E = \ {(lp (x), rd (x)) \ vert \ forall x \ notin \ mathcal {P}, 2 \ le x \ le n \}

$E = \ {(lp (x), rd (x)) \ vert \ forall x \ notin \ mathcal {P}, 2 \ le x \ le n \}$

Because

$lp (x) \ times rd (x) = x$ (by definition

$rd ()$ ) if we were given a lot

$E$ then we could calculate

$lp ()$ for all composite numbers up to n. This is done, for example, by the following algorithm:

Algorithm 2:

 1:   (l,r)  E: 2: lp[l*r] := l;

notice, that

$\ vert E \ vert \ le n$ , so algorithm 2 above works for linear complexity.

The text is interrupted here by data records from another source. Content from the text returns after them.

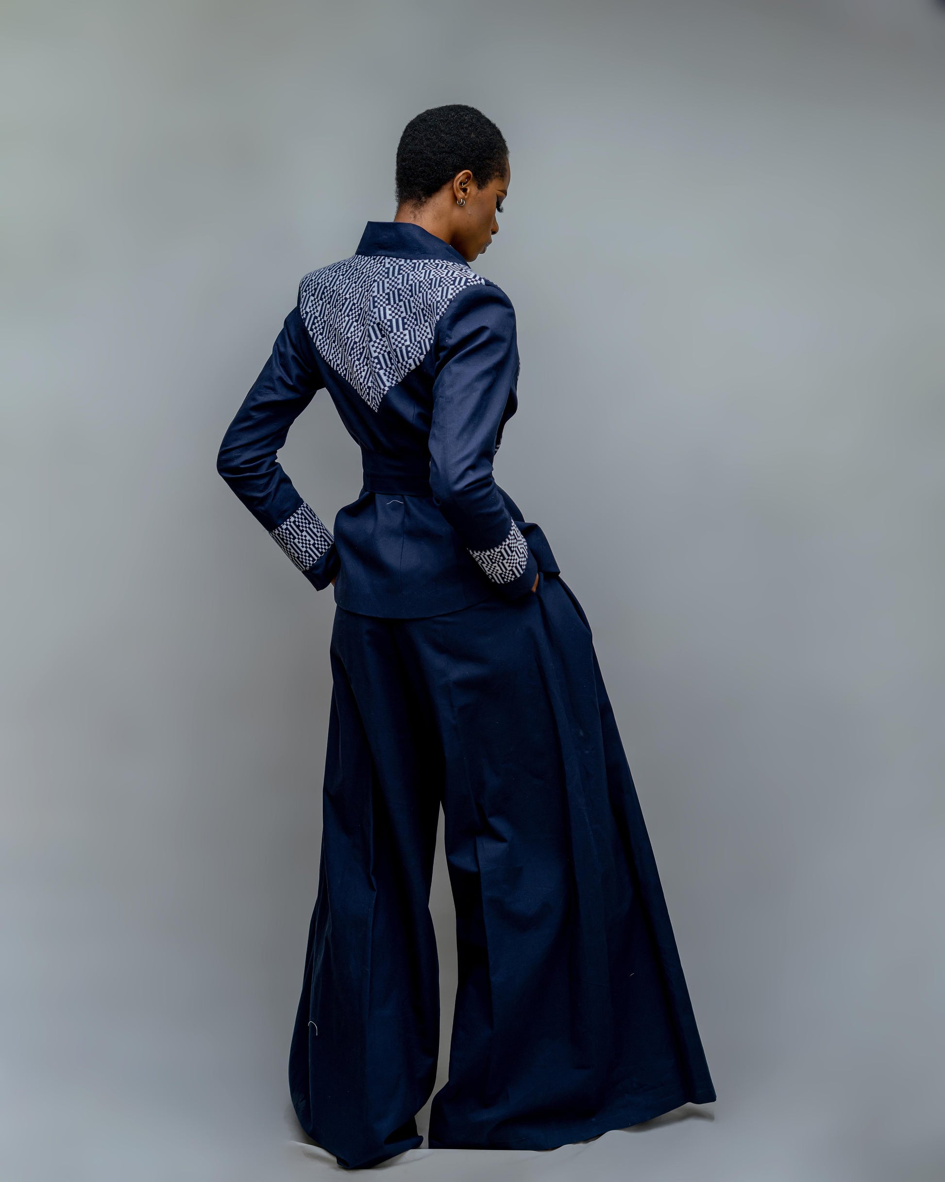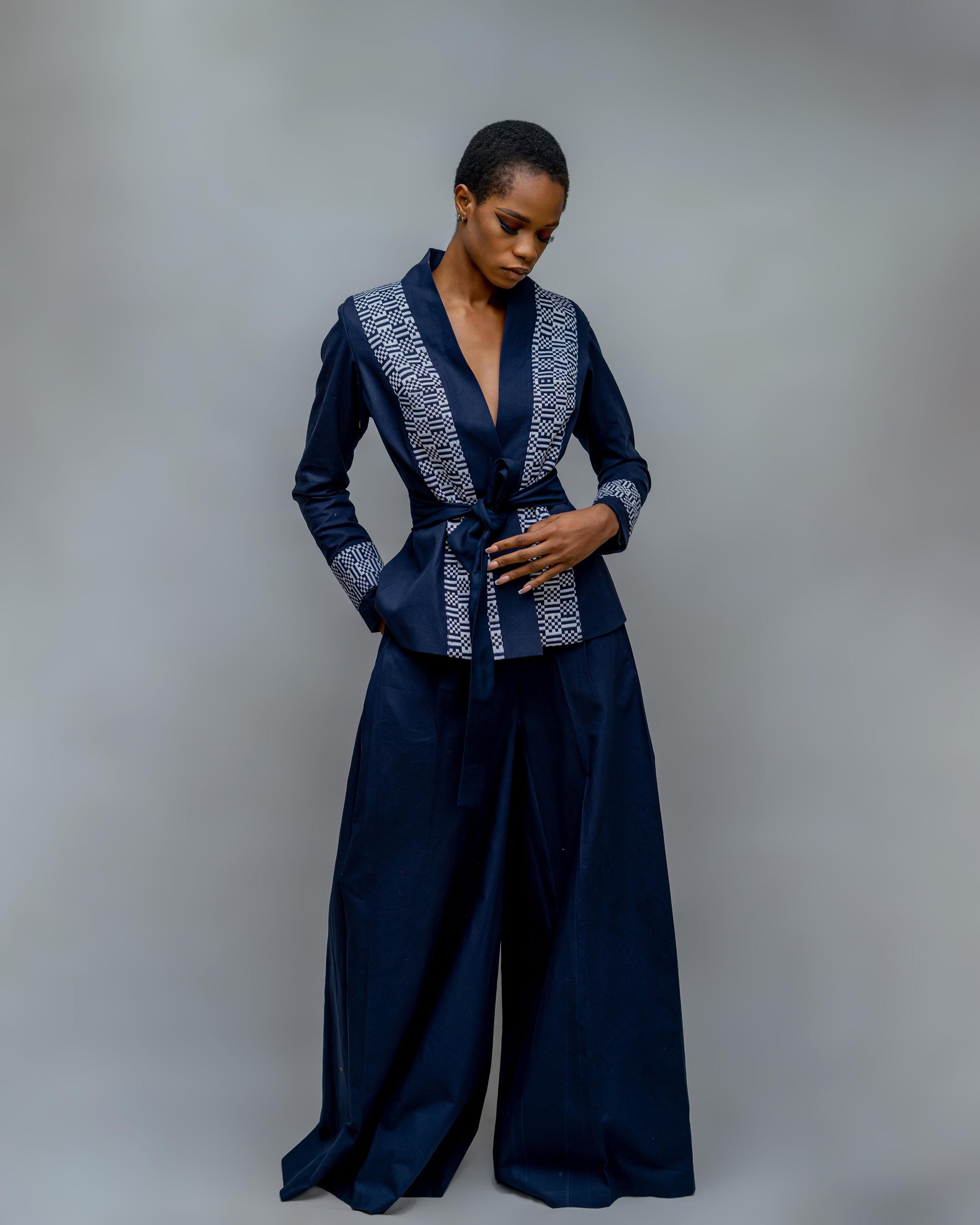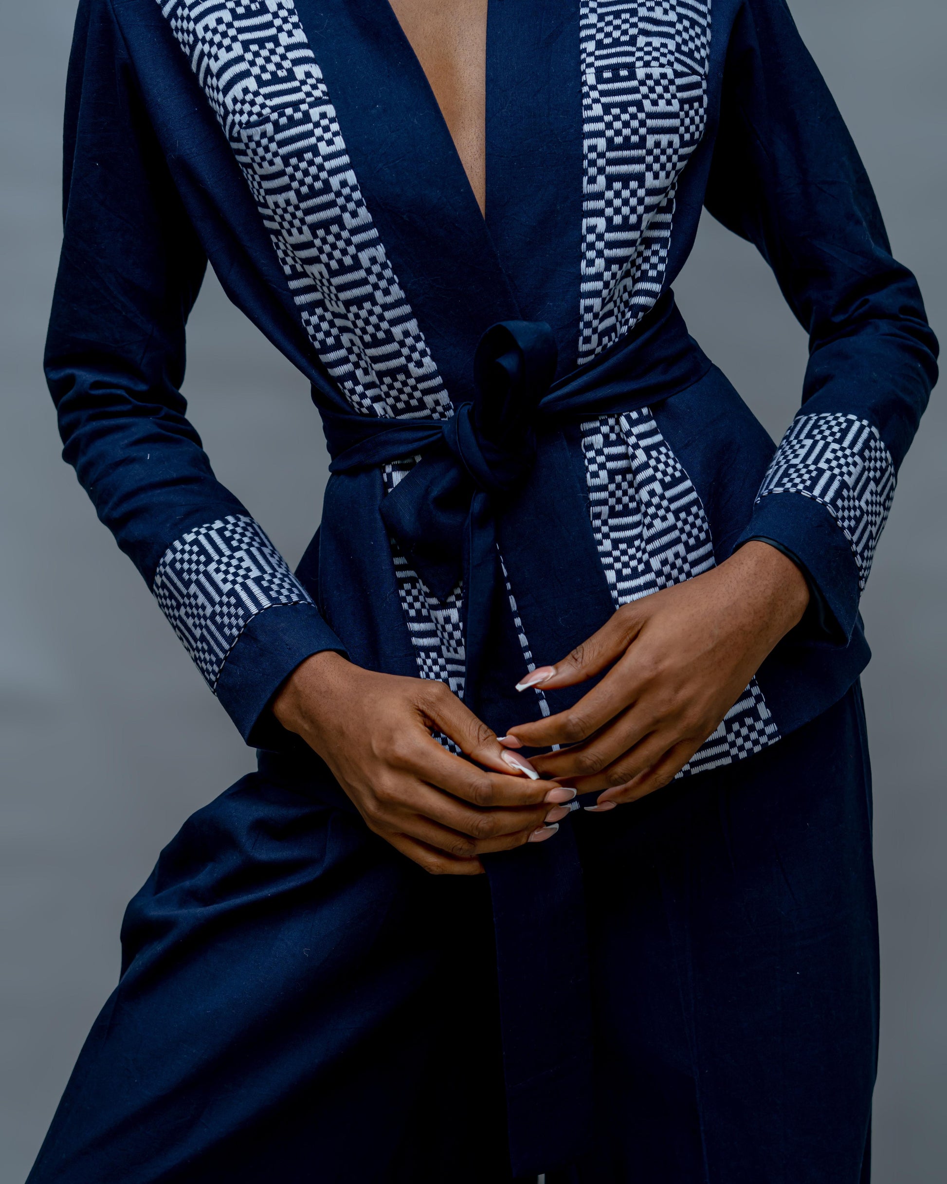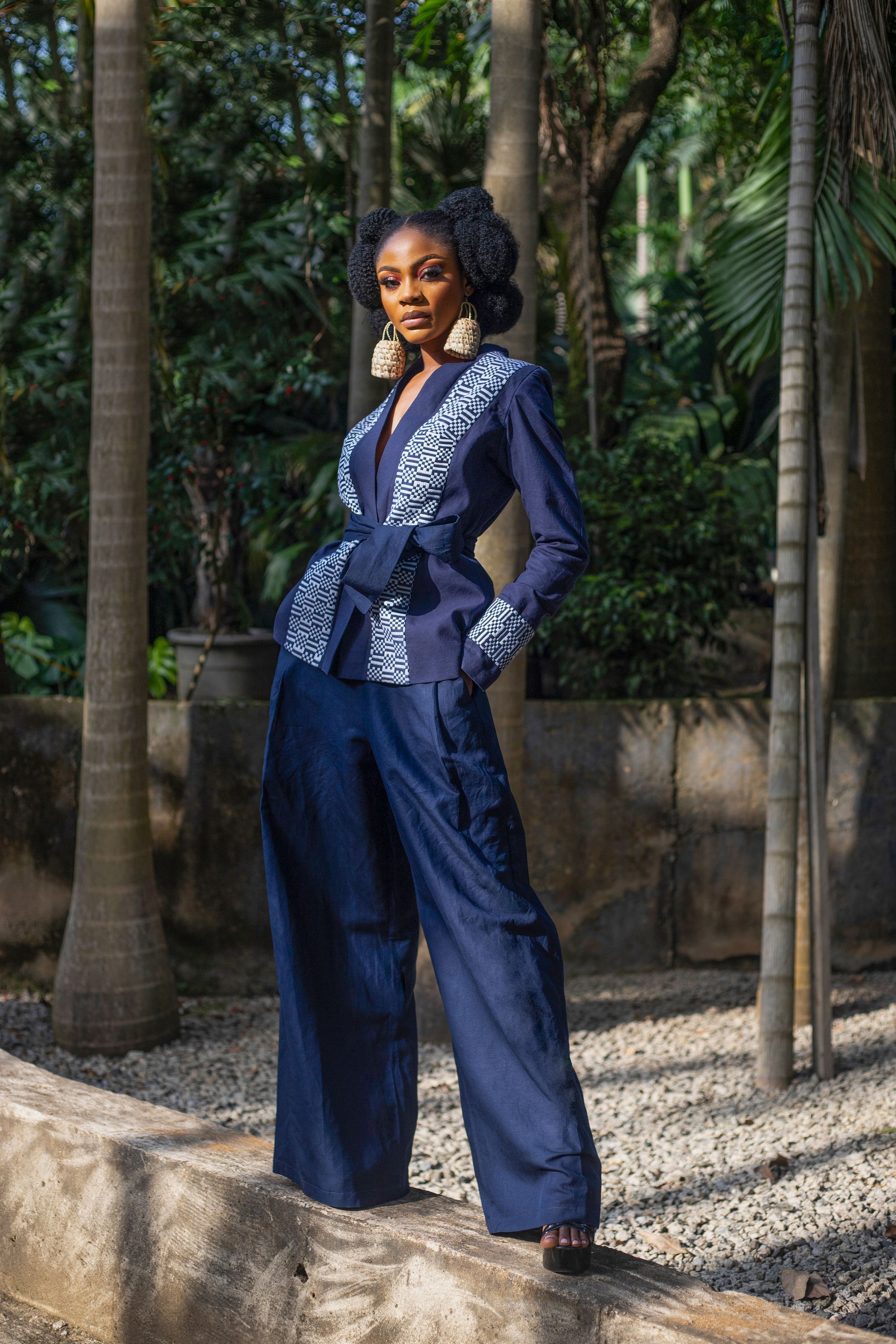 The Mimi pant suit is a beautiful 2 piece made from the combination of linen and cotton yarns woven by Indigenous.artisans. It is a stylish and breathable ensemble that combines the natural qualities of both fabrics.
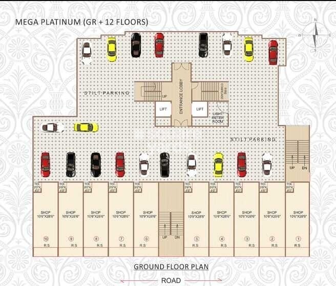 The ground floor of the MEGA PLATINUM building is designated for mixed-use, combining commercial spaces with extensive stilt parking. It features 10 individual shop units along the road-facing side, complemented by dedicated stilt parking areas for vehicles.
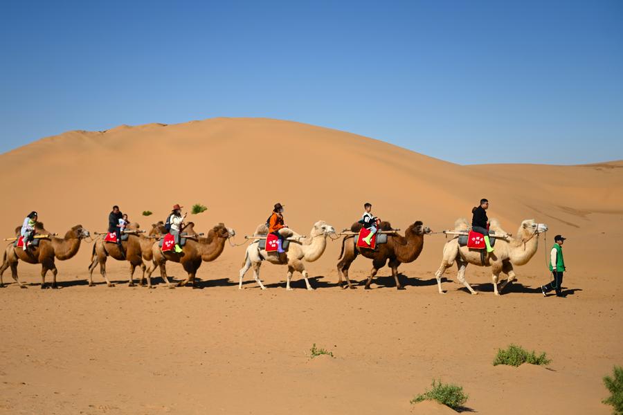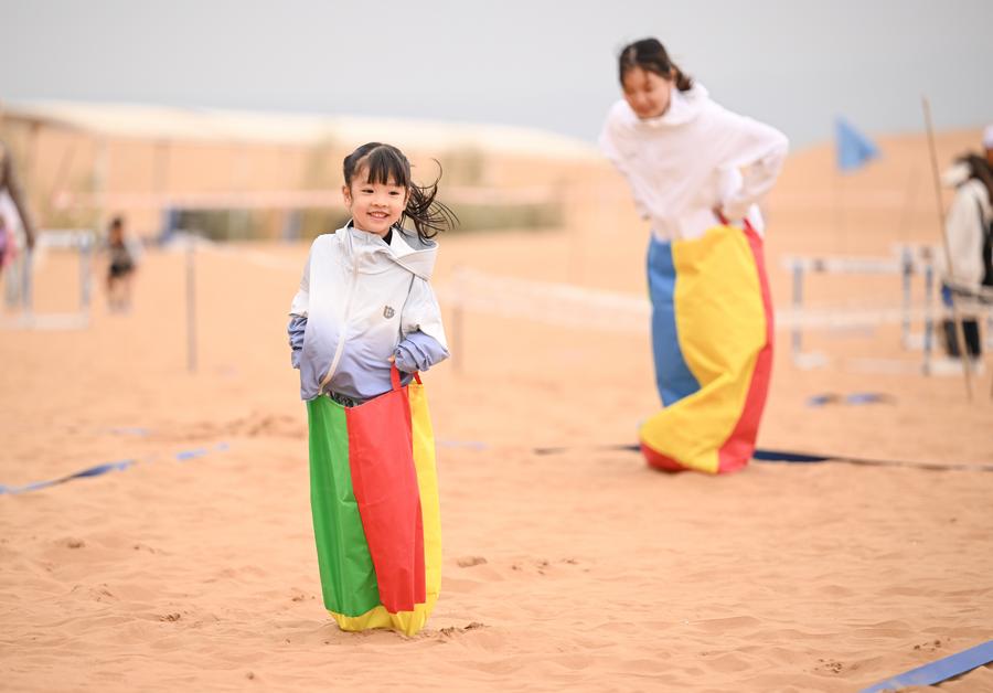 YINCHUAN, June 27 (Xinhua) -- In the blazing heat of June, tourists dash down sun-scorched dunes, ride camels on golden sands, and cool off in shimmering desert pools. Laughter, excitement and the hum of singing bowls fill the air.
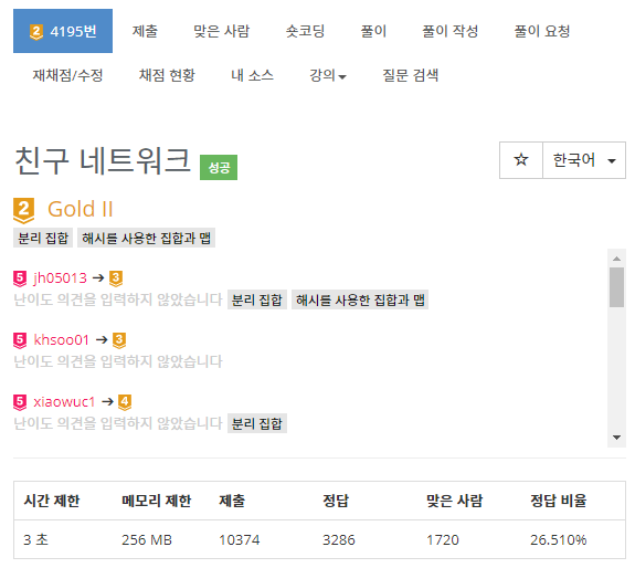 1. 분리집합 자료구조로 친구 관계를 나타내보자. disjoint-set을 구현해 봤다면 어렵지 않은 문제이다.
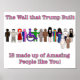 Den rosa texten lyder: Den mur som Trump Byggt består av Fantastisk som du! Det finns flera mänskliga teckenutformningar på en rad. En säkerhetstapp och en del snöflingor ingår också i konstruktionen.
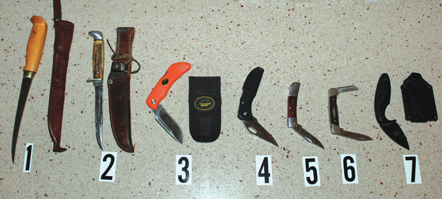 The smaller knife 5 is carried in the pocket while the others may be in a backpack or a pouch on the belt. Lock back knives are very popular with sportsmen as the feature is an excellent hand protector. The design features that the court indicates may define a weapon also make them popular and effective tools for sportsmen.
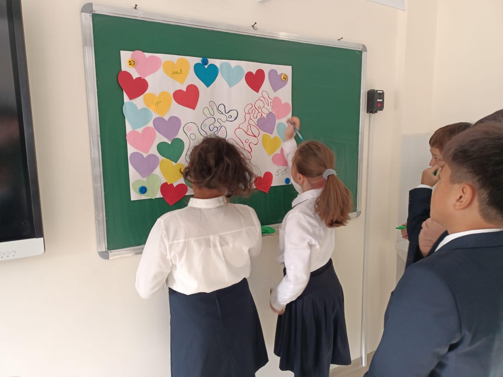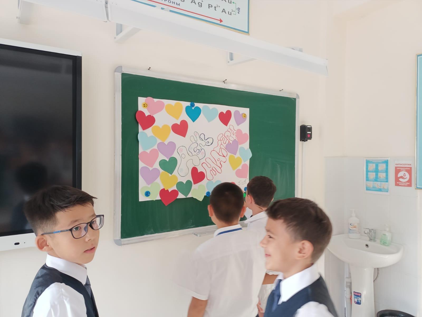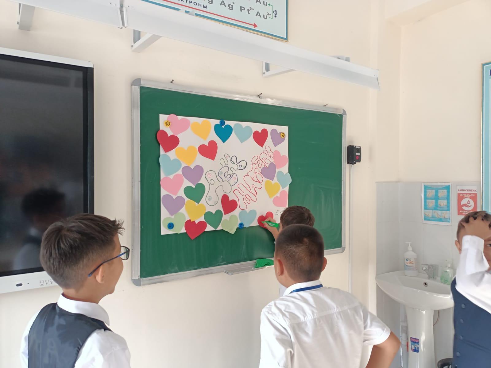 18 сентября 2022 года в 5 «А» классе КГУ «Лицей № 166» проведен классный час на тему: «День матери в Казахстане». Виктор Али и Тен Тимур подготовили презентацию об этом празднике. Ребята рассказали стихотворения, посвященные мамам, подготовили постер, где дети должны были на сердечках о своих мамах.
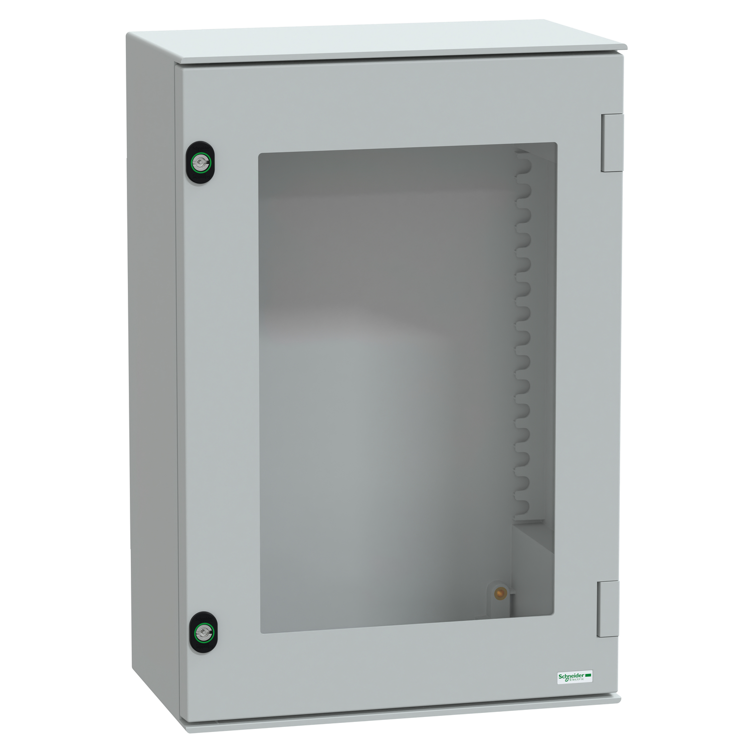 Thalassa PLM zidno kućište od poliestera sa zastakljenim vratima. 646 x 436 x 250 mm. Bez montažne ploče, ugrađena nadstrešnica. Sistem zaključavanja vrata sa 2 tačke sa bravama sa duplom šipkom od 3 mm. Poliester ojačan telom od fiberglasa. Zaštita IP 66, IK08, siva RAL 7035.

Next, I will prove that algorithm 1 from Wikipedia actually just goes through all the elements of this set, because it can be parameterized in a different way.

Let be

E '= \ {(p, r) \ vert p \ in \ mathcal {P}, 2 \ le r <n, p \ le lp (r), p \ times r \ le n \}

$E '= \ {(p, r) \ vert p \ in \ mathcal {P}, 2 \ le r <n, p \ le lp (r), p \ times r \ le n \}$

Lemma 2 :

$E = E '$
Proof :

Let be

$(a, b) \ in E$ =>

$\ exists x \ notin \ mathcal {P}, \ 2 \ le x \ le n \ mid a = lp (x), b = rd (x)$ .

By definition

$lp (), rd ()$ :

$a \ in \ mathcal {P}$ ,

$a \ times b = x$ . By Lemma 1,

$a \ le lp (b)$ .
because

$rd (x) <x$ then

$b <n$ .
Insofar as

$x \ notin \ mathcal {P}$ ,

$b \ ge 2$ .
Also, by definition

$E$ ,

$x \ le n$ , Consequently,

$a \ times b \ le n$ .
All 4 conditions

$E '$ fulfilled means

$(a, b) \ in E '$ =>

$E \ subset e '$ .

Let be

$(a, b) \ in E '$ . Let be

$x = a \ times b$ .
By definition

$E '$ ,

$a \ in \ mathcal {P}$ . So

$a$ - easy to divide

$x$ .

$lp (x) = lp (a \ times b) = min (lp (a), lp (b)) = min (a, lp (b)).$
Because

$a \ le lp (b)$ then

$lp (x) = a.$ So

$b = rd (x).$
By definition,

$x = a \ times b \ le n.$ Also obviously

$x = a \ times b \ ge 2.$
All conditions for

$E$ performed =>

$E '\ subset E.$

Consequently,

$E = E '.$

$\ square$

It now remains to sort out the correct ones.

$r$ and

$p$ from the definition of the set

$E '$ and apply algorithm 2. This is exactly what Algorithm 1 does (only i is used instead of r). But there is a problem! To go through all the elements of the set

$E '$ to calculate

$lp,$ we need to know

$lp,$ because there is a condition in the definition

$p \ le lp (r)$ .

Fortunately, this problem is costing the correct brute force. Need to sort out

$r$ in the outer loop, and

$p$ - in the internal. Then

$lp (r)$ will already be calculated. This fact is proved by the following theorem.

Theorem 1:
Algorithm 1 supports the following invariant: After iterating the outer loop with i = k, all primes up to k inclusive will be allocated to the pr list. It will also be calculated

$lp ()$ for all

$x \ notin \ mathcal {P} \ mid x \ le n, \ rd (x) \ le k$ in the lp array.

Proof :
We prove by induction. For k = 2, the invariant is checked manually. The single prime number 2 will be added to the pr list, because the lp [] array is initially filled with zeros. Also, the only composite number

$rd (x) \ le 2$ - this is 4. It is easy to verify that the inner loop will execute exactly once (for n> 3) and correctly execute lp [4]: = 2.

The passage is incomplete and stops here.